*** PROVIDED DATA ***
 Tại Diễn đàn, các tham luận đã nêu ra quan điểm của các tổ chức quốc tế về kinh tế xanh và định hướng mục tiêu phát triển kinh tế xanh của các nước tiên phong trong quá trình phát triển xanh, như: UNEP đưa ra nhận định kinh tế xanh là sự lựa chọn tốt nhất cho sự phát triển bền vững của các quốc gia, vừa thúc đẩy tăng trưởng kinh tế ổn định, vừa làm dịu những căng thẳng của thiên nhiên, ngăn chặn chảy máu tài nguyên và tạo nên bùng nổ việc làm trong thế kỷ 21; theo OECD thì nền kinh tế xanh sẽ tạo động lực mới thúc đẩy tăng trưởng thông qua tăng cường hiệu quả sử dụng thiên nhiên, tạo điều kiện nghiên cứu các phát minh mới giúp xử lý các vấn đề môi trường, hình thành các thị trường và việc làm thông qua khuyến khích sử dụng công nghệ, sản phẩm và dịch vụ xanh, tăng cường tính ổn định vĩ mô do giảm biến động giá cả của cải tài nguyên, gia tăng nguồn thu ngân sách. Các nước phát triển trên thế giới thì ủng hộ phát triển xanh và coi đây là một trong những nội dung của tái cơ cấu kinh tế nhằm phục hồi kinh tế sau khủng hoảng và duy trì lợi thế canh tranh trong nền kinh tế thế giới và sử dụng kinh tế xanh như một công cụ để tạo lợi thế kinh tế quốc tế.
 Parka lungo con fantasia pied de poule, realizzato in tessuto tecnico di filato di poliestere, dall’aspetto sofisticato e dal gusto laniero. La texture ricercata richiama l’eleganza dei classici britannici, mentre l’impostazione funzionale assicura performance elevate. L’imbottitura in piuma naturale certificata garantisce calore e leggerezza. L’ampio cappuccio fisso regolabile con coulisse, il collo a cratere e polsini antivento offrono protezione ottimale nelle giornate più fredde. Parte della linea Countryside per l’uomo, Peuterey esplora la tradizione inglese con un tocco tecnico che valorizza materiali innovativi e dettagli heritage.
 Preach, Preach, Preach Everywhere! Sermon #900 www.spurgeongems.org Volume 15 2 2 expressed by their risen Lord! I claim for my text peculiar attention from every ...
***
*** PROVIDED DATA ***
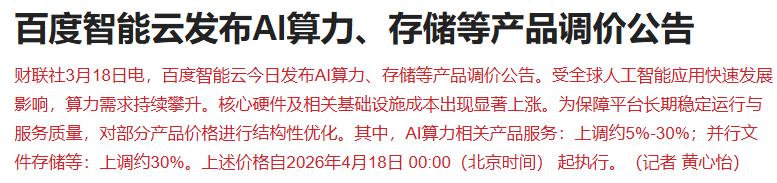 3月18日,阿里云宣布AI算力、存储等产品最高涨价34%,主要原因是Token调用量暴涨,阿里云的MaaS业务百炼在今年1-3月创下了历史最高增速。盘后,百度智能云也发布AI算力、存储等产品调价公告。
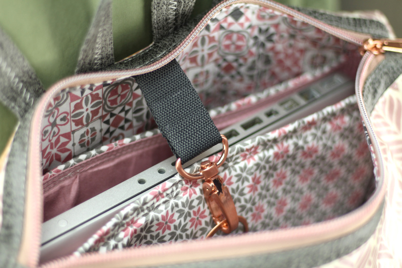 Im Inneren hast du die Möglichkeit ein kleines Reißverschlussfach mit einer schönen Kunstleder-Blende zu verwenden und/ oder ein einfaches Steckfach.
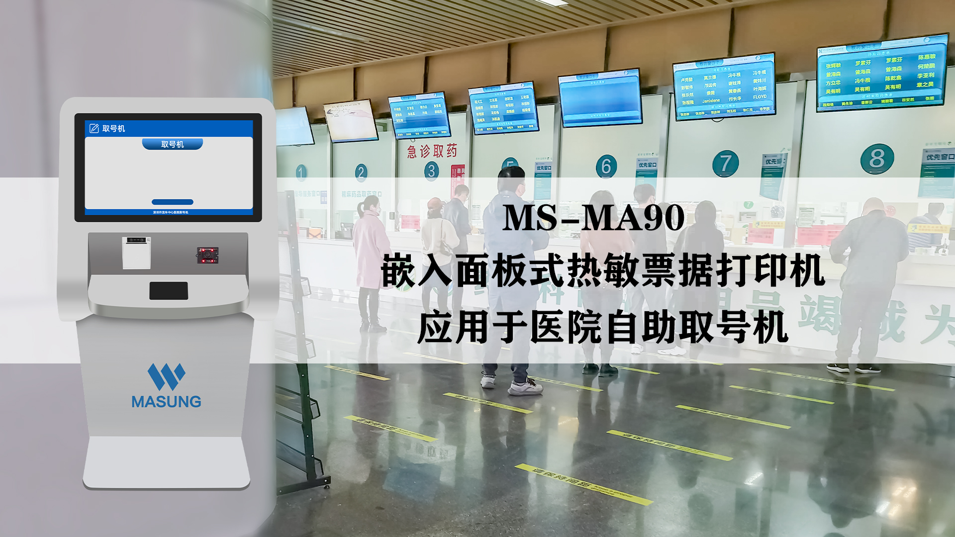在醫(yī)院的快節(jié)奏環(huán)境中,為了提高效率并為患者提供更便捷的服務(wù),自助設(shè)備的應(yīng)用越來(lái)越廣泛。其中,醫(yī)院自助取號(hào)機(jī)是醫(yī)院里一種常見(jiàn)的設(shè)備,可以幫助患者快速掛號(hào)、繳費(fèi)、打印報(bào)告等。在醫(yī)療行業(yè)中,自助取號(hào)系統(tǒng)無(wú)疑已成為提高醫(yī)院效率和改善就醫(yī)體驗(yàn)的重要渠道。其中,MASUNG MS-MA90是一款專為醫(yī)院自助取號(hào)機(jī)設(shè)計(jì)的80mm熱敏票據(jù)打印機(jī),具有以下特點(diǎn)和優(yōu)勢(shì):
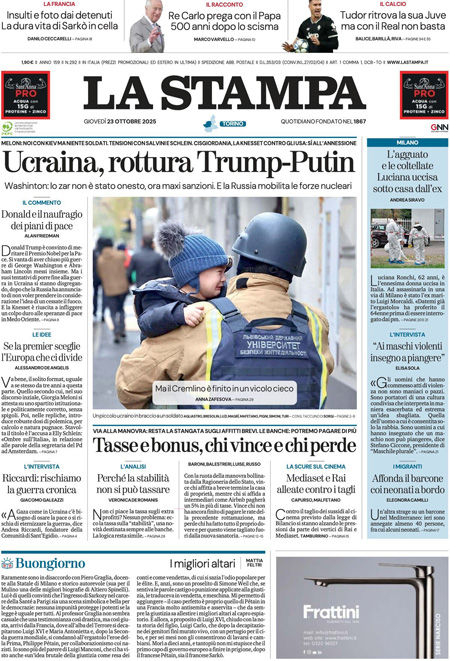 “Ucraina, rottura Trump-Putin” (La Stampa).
***
*** PROVIDED DATA ***
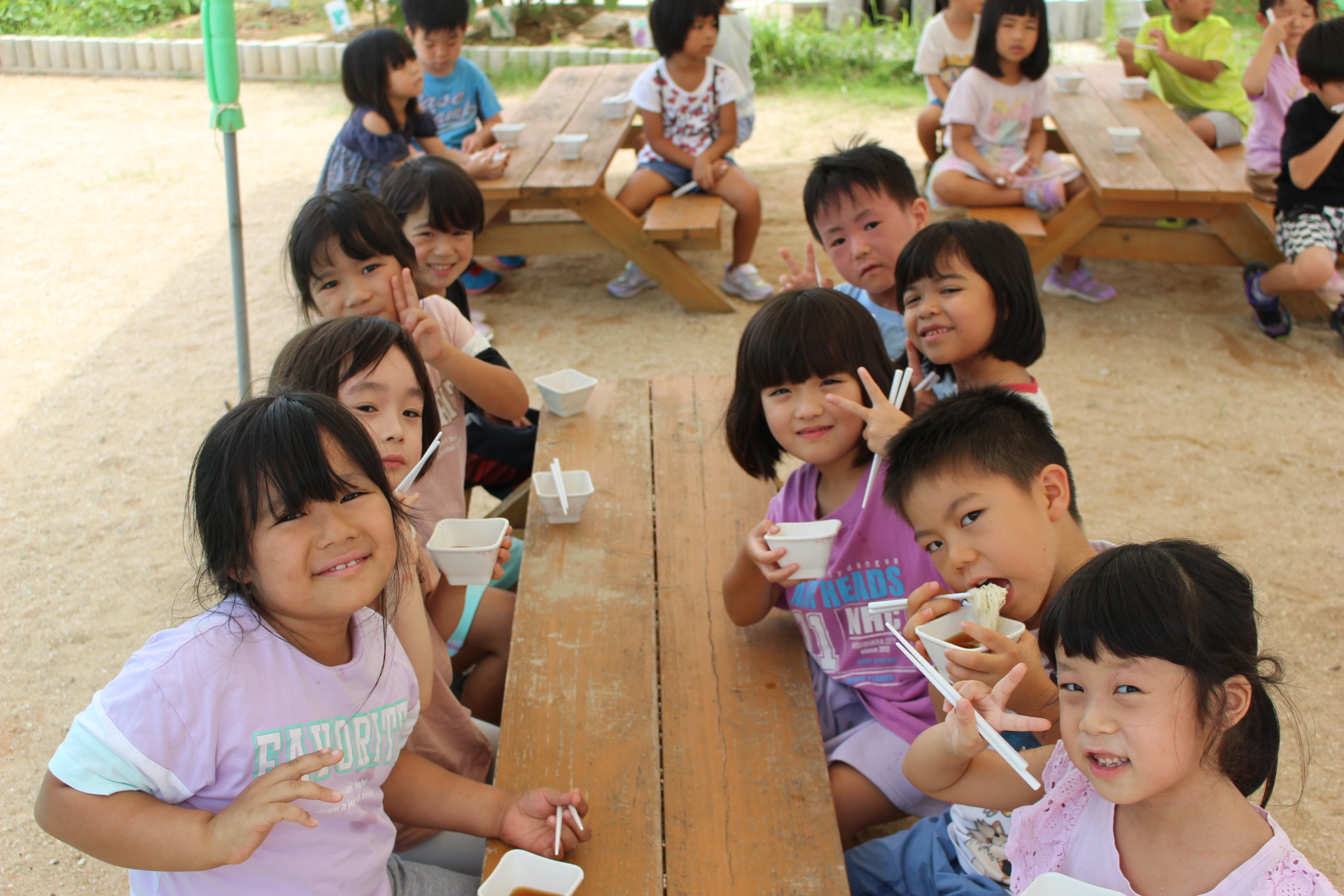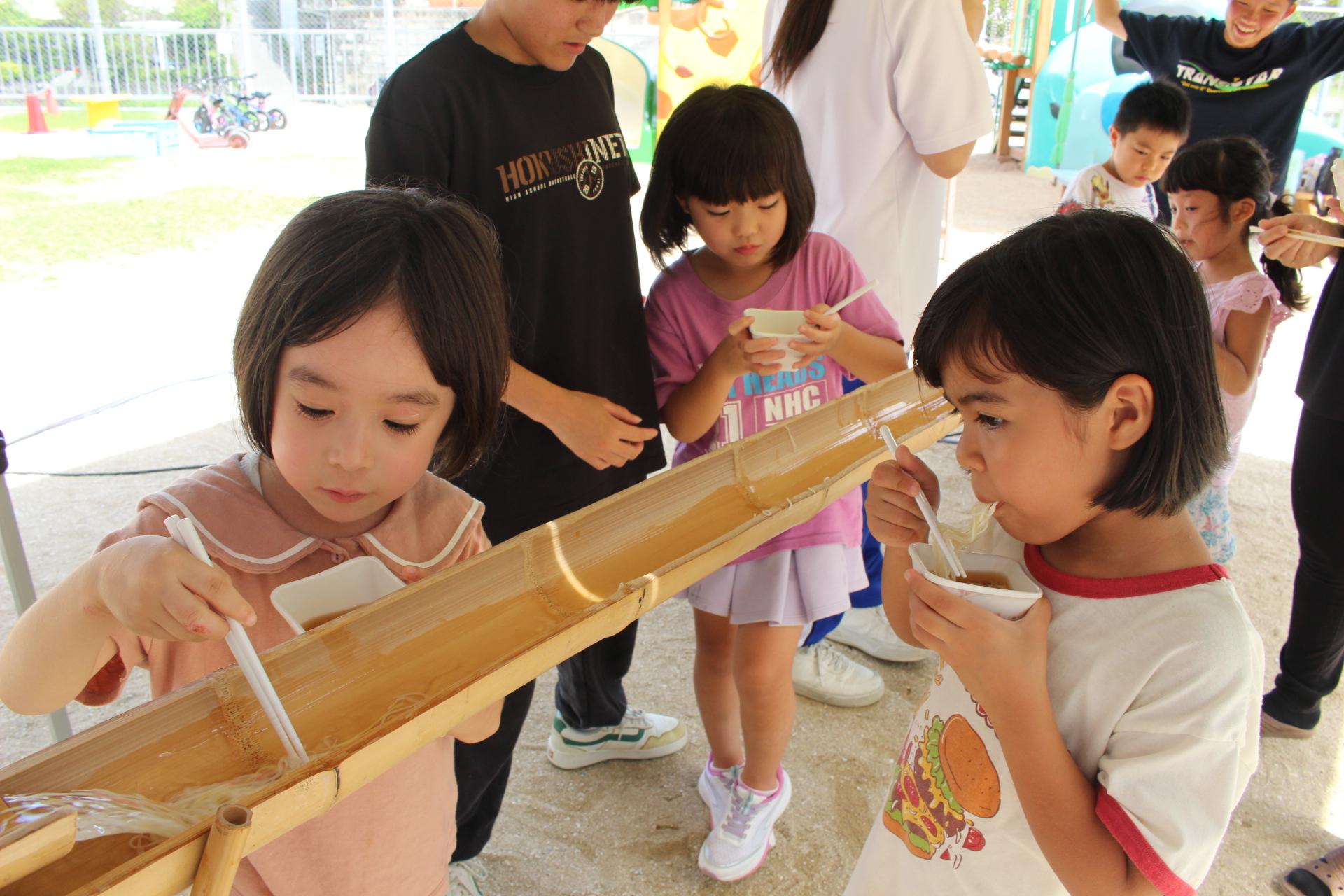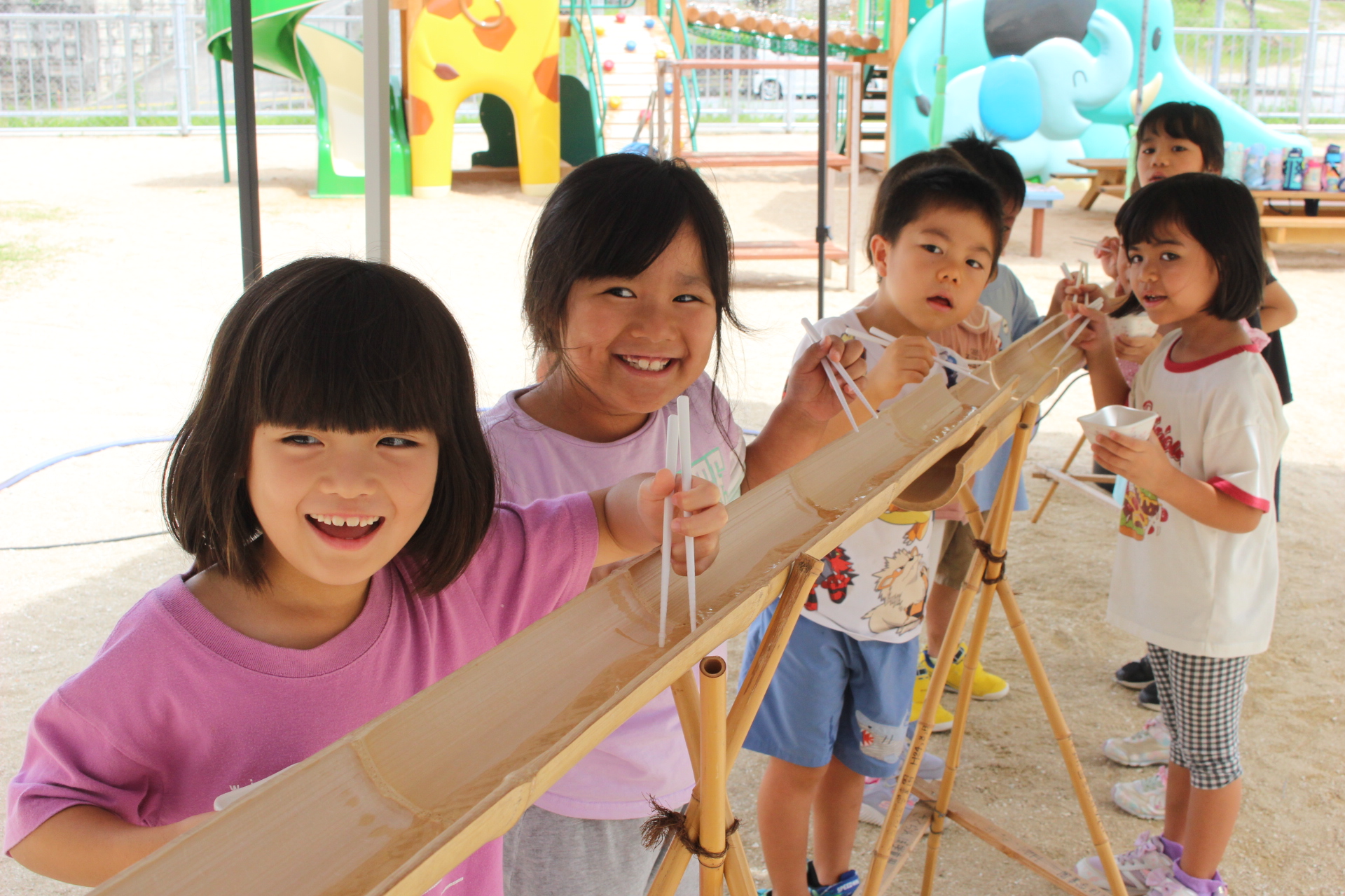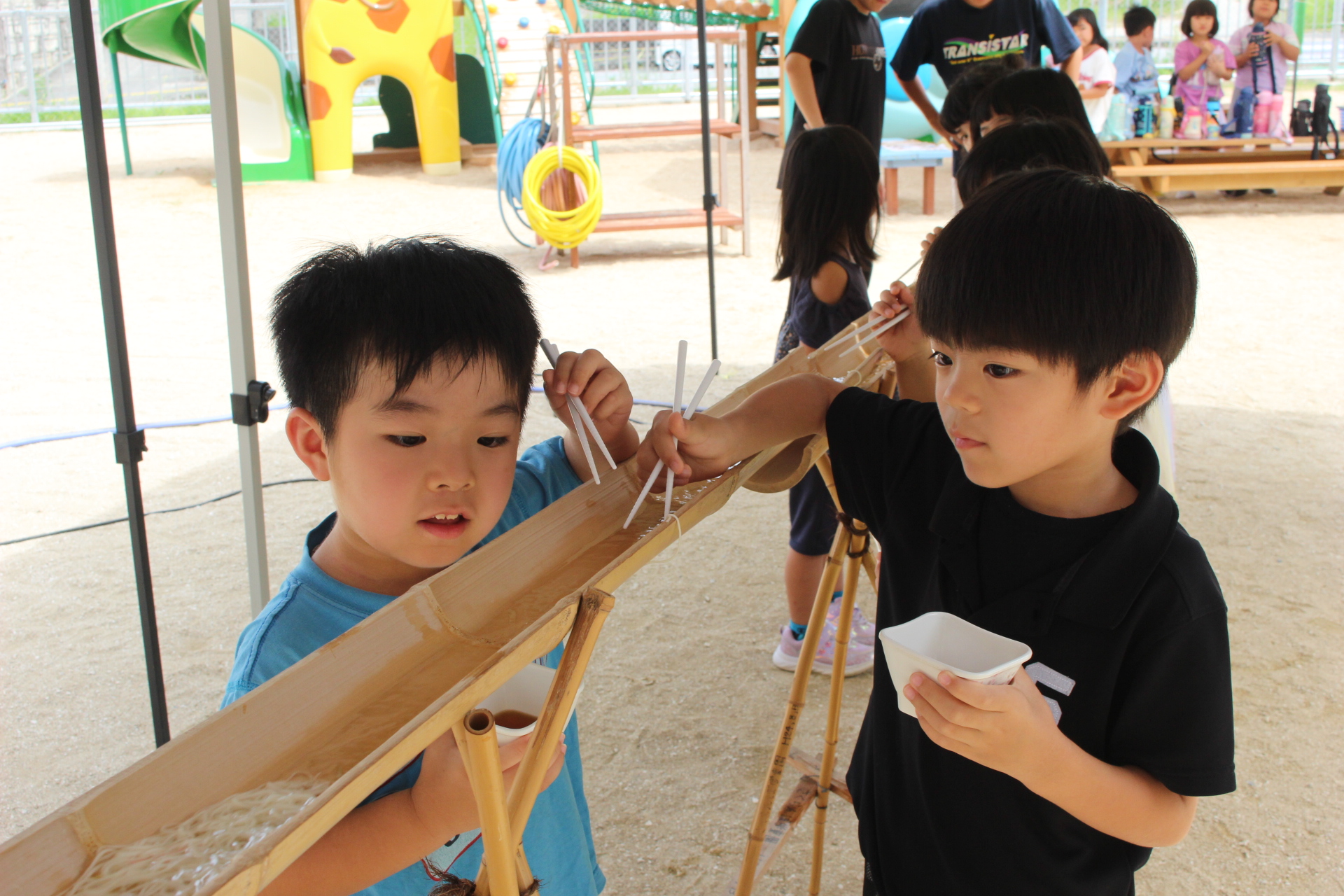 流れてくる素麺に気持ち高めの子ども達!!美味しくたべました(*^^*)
***
» **TASK ITEM**
Above are the entries. Copy exactly the part that opens with the line containing "Parka lungo con" and closes with the line containing "Preach, Preach, Preach", and no more.

» **WRITTEN RESPONSE**
 Parka lungo con fantasia pied de poule, realizzato in tessuto tecnico di filato di poliestere, dall’aspetto sofisticato e dal gusto laniero. La texture ricercata richiama l’eleganza dei classici britannici, mentre l’impostazione funzionale assicura performance elevate. L’imbottitura in piuma naturale certificata garantisce calore e leggerezza. L’ampio cappuccio fisso regolabile con coulisse, il collo a cratere e polsini antivento offrono protezione ottimale nelle giornate più fredde. Parte della linea Countryside per l’uomo, Peuterey esplora la tradizione inglese con un tocco tecnico che valorizza materiali innovativi e dettagli heritage.
 Preach, Preach, Preach Everywhere! Sermon #900 www.spurgeongems.org Volume 15 2 2 expressed by their risen Lord! I claim for my text peculiar attention from every ...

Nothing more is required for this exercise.